Lighter Eggplant Parmesan
serves 4 prep time: 20 minutes total time: 45 minutes
WHY IT’S LIGHT This Italian restaurant standby turns virtuous with baked (instead of fried) eggplant and a healthier béchamel made from skim milk, which is then combined with some marinara sauce. Using less cheese also helps; here, the two cheeses are sprinkled only on top, rather than in each layer.
1 large Italian eggplant (2 pounds), sliced ½ inch thick crosswise 1 tablespoon olive oil Coarse salt and ground pepper 1 cup skim milk 3 tablespoons all-purpose flour 2 garlic cloves, minced 1 cup homemade or store-bought marinara sauce ½ cup grated part-skim mozzarella cheese 1/3 cup grated Parmesan cheese
1. Preheat oven to 450°F, with racks in upper and lower thirds. Arrange eggplant in a single layer on two rimmed baking sheets. Brush eggplant on both sides with oil, and season with salt and pepper. Bake until golden brown and very tender, 20 to 25 minutes, turning slices and rotating sheets from top to bottom and front to back half-way through.

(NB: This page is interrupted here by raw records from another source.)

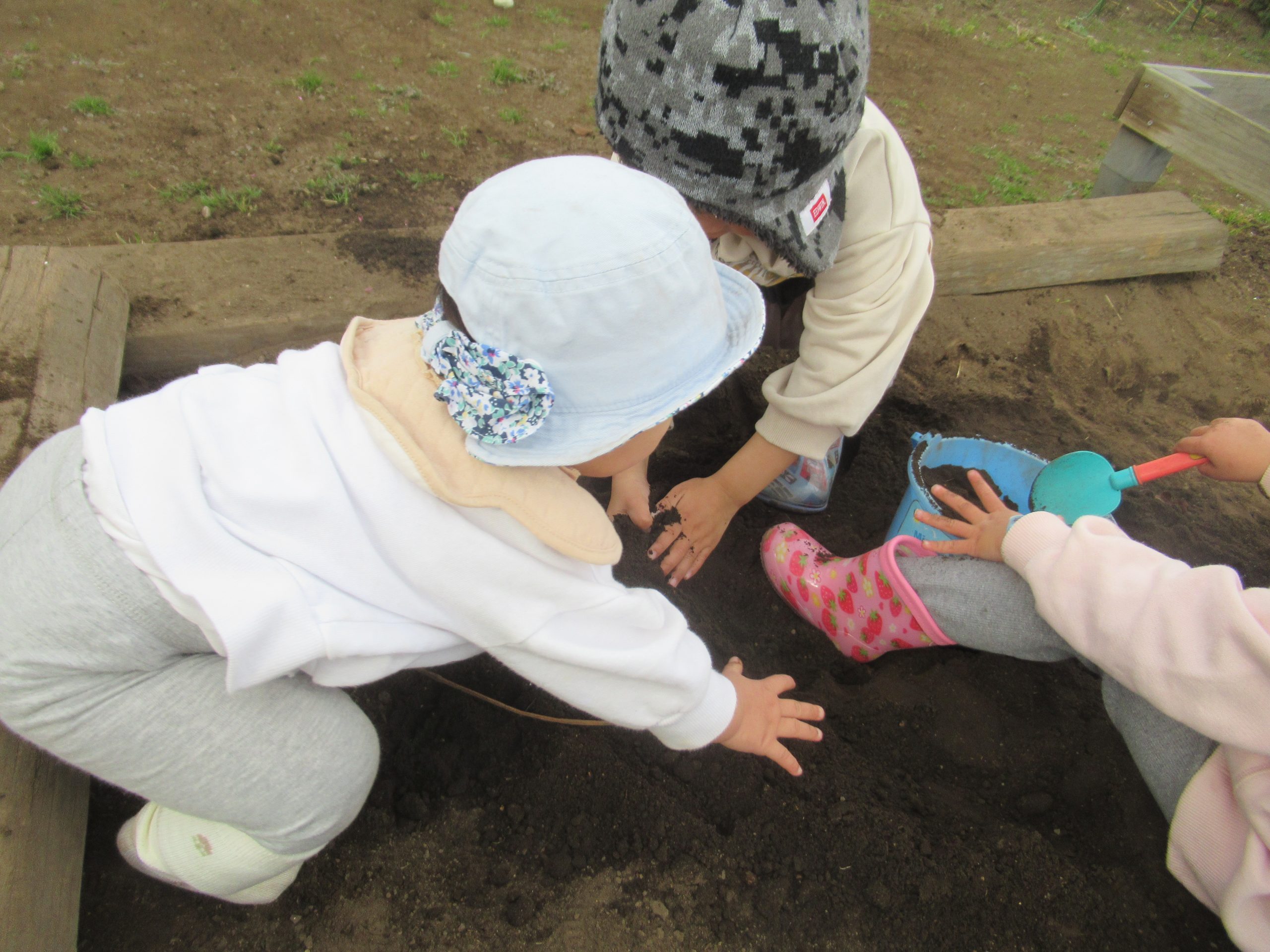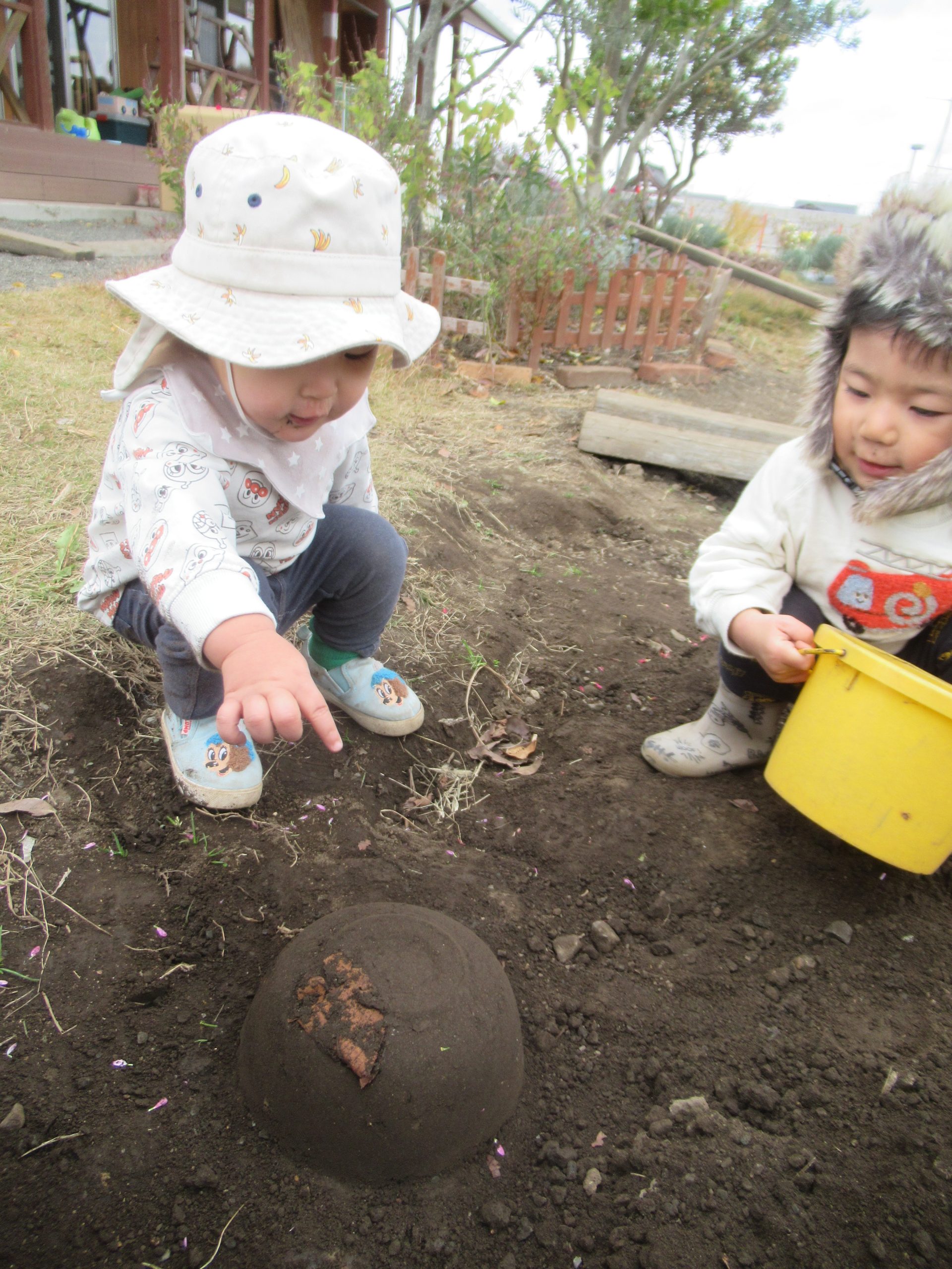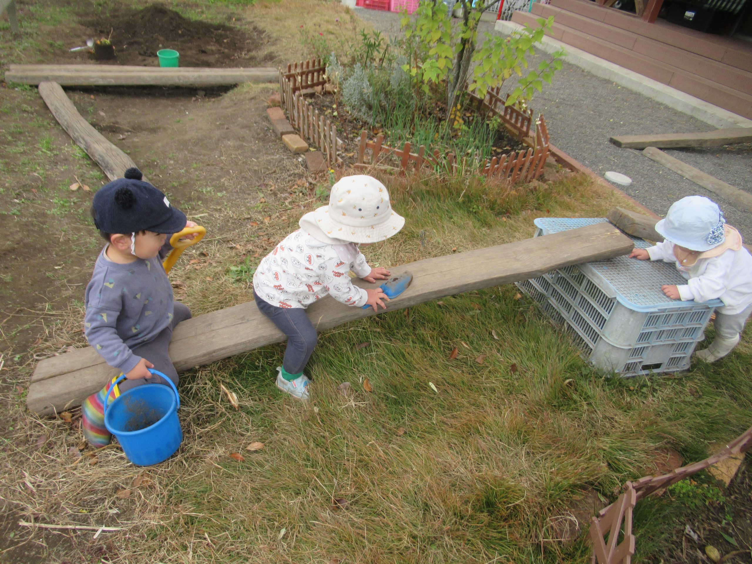 ことり組さんも、シャベルや容器を持っているだけで満足そうだったのが、使ってみる!に進歩しつつあります。天候がいい日には戸外に出ていっぱい遊んでいきます。
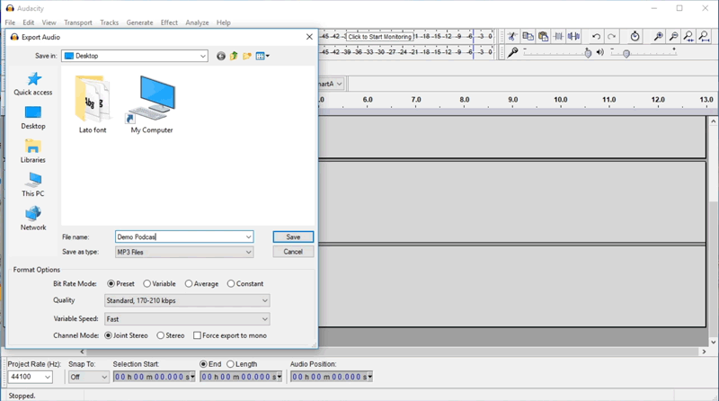 - Once you're done with the recording, don't forget to save the file in MP3 format (also, it's a good habit to cross-check whether the file is working or not!)
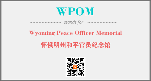 英文缩略词“WPOM”经常作为“Wyoming Peace Officer Memorial”的英文缩写来使用,中文表示:“怀俄明州和平官员纪念馆”。本文将详细介绍英文缩写词WPOM所代表英文单词,其对应的中文拼音、详细解释以及在英语中的流行度。此外,还有关于缩略词WPOM的分类、应用领域及相关应用示例等。
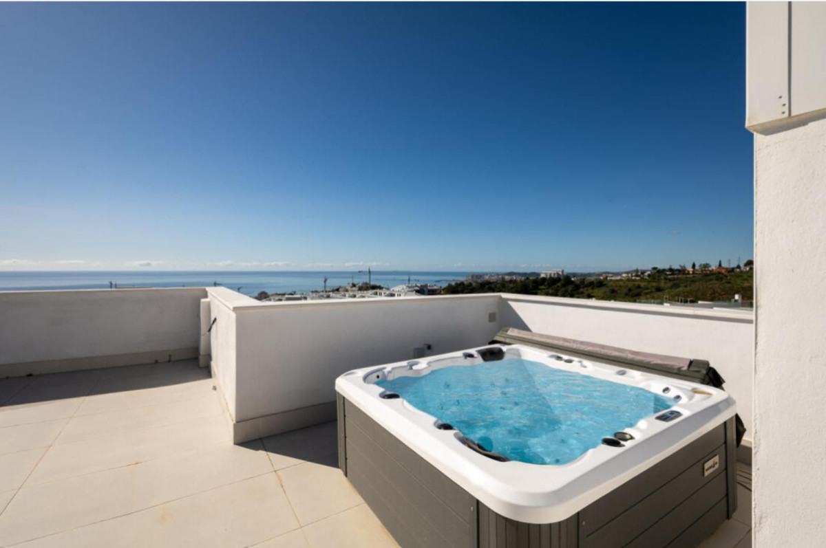 Ontdek de luxe van het mediterrane leven in dit opvallende penthouse in Reserva del Higuerón, ideaal gelegen op slechts 400 meter lopen van de stranden van Fuengirola. Deze prachtig ontworpen woning met twee slaapkamers combineert een eigentijdse stijl met ultiem comfort en biedt een panoramisch uitzicht op zee en een uitzonderlijk gevoel van ruimte. Het privé dakterras met jacuzzi is de perfecte plek om te ontspannen, te entertainen of simpelweg te genieten van het uitzicht van zonsopgang tot zonsondergang. Binnen kenmerkt het appartement zich door een lichte, open indeling, waarbij de woon- en keukenruimte naadloos in elkaar overlopen en versterkt worden door grote ramen van vloer tot plafond die de woning vullen met natuurlijk licht. Twee privé parkeerplaatsen en een berging zijn eveneens inbegrepen voor extra gemak. De woning maakt deel uit van een beveiligde, afgesloten woongemeenschap met 24-uursbewaking, wat zorgt voor een rustige en privé woonomgeving. Aangelegde tuinen en groene zones creëren een vredige, resortachtige sfeer in het hele complex. Bewoners hebben toegang tot een breed scala aan hoogwaardige voorzieningen, waaronder een volledig uitgeruste fitnessruimte, spafaciliteiten, stijlvolle gemeenschappelijke lounges en coworkingruimtes. Buiten zijn er zwembaden, zonneterrassen en prachtig onderhouden tuinen, allemaal ontworpen om optimaal te profiteren van het uitzonderlijke klimaat van de Costa del Sol, samen met wandel- en fietspaden voor een actieve levensstijl. Het penthouse is perfect gelegen, vlakbij enkele van de mooiste stranden van de Costa del Sol en op korte afstand van restaurants, winkels, scholen en andere voorzieningen. Dankzij de directe toegang tot de snelweg AP-7 is de luchthaven van Málaga in slechts 15 minuten rijden te bereiken, terwijl zowel de stad Málaga als Marbella in ongeveer 25 minuten te bereiken zijn. Deze woning, gelegen in het levendige en gewilde Fuengirola, biedt een uitstekende combinatie van modern design, een toplocatie en een ontspannen leven aan de kust – ideaal als permanente woning, vakantiehuis of slimme investeringsmogelijkheid.
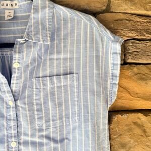 Da-sh XL Striped Blue White Cap Sleeve Button Up Women's Blouse Top Size XL
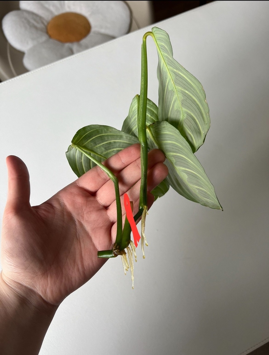 Здравствуйте! У меня два вопроса по маранте: 1) можно ли разделить этот черенок на два, чтобы было два растения в итоге (красным показала место разреза) или не следует? 2) готов ли такой черенок к посадке в горшок? Или дать ему ещё нарастить корни? Большое спасибо всем, кто откликнется. И отдельно - админам группы за работу. 🙏🏼
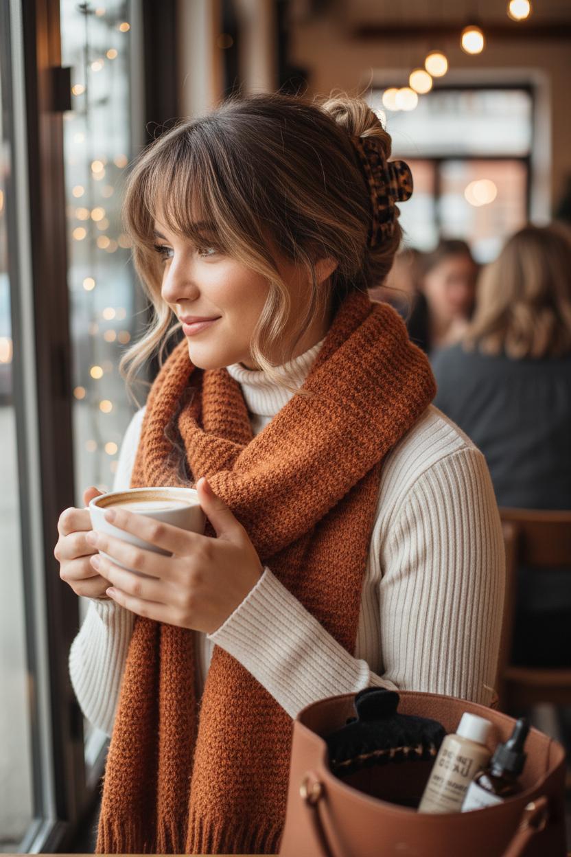 When your mornings feel crisp and your schedule feels packed, a cozy claw clip updo is the kind of quietly chic shortcut that makes you look pulled together in seconds. It’s one of those fall hairstyles that plays well with scarves, turtlenecks, and coffee runs—effortless but a little romantic. Start with day-two hair if you can; a touch of volumizing dry shampoo adds that soft, grippy texture that keeps everything in place without looking stiff. Gather your hair at the nape, twist upward like a loose French twist, and secure with a sturdy claw clip, letting the ends peek out for a fluttery finish. If you have curtain bangs, sweep them forward to frame your face—instant cozy vibes with minimal effort.
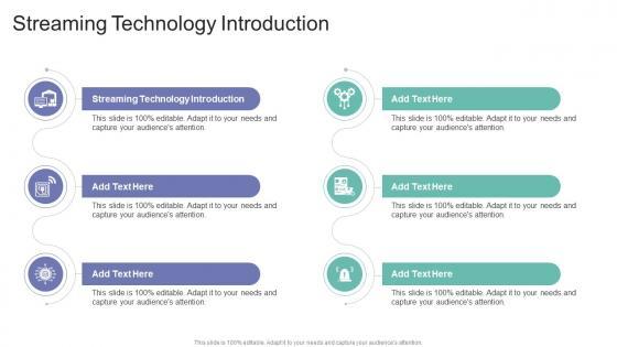Presenting our innovatively designed set of slides titled Streaming Technology Introduction In Powerpoint And Google Slides Cpb. This completely editable PowerPoint graphic exhibits Streaming Technology Introduction that will help you convey the message impactfully. It can be accessed with Google Slides and is available in both standard screen and widescreen aspect ratios. Apart from this, you can download this well structured PowerPoint template design in different formats like PDF, JPG, and PNG. So, click the download button now to gain full access to this PPT design. Our Streaming Technology Introduction In Powerpoint And Google Slides Cpb are topically designed to provide an attractive backdrop to any subject. Use them to look like a presentation pro.
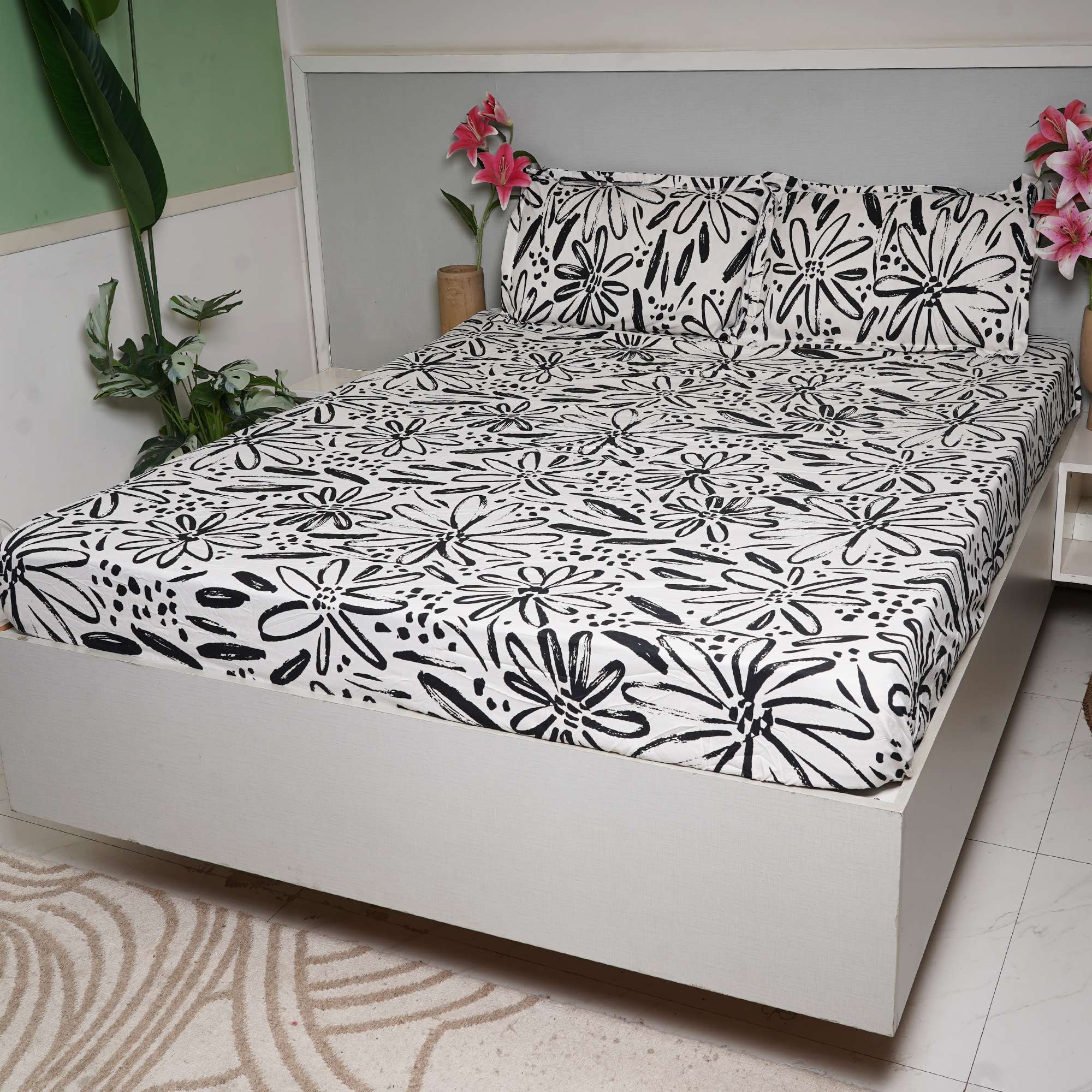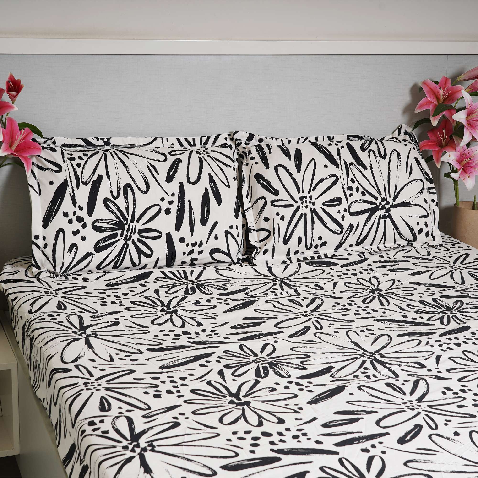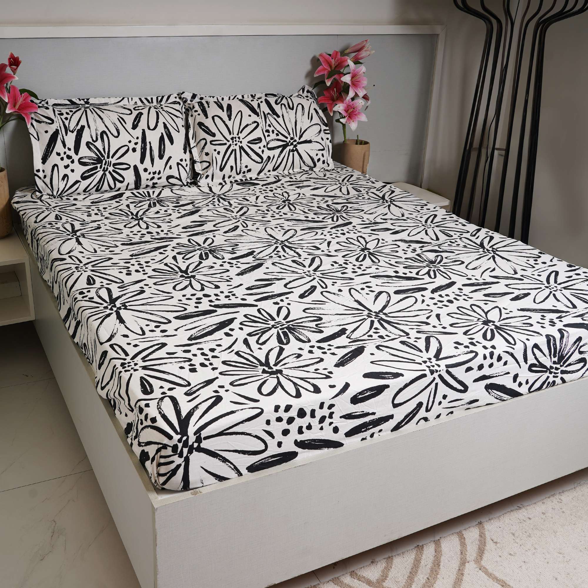 Mono Flora Cotton Bedding Set features a bold black-and-white hand-drawn floral print that brings a modern, artistic character to contemporary bedrooms. The fitted sheet ensures a snug, crease-free fit, while coordinated pillow covers complete the clean, stylish look.

2. Meanwhile, in a medium saucepan, whisk together ¼ cup milk, the flour, and garlic. Gradually whisk in remaining ¾ cup milk and ½ cup marinara sauce. Bring to a boil; reduce to a simmer, and cook until sauce has thickened, 2 to 3 minutes.
3. Spread ¼ cup marinara sauce in the bottom of a shallow 2-quart baking dish. Alternate layers of baked eggplant with milk sauce. Dollop with remaining ¼ cup marinara sauce. Top evenly with mozzarella and Parmesan. Bake on upper rack until cheese is browned and sauce is bubbling, 10 to 15 minutes. Serve immediately.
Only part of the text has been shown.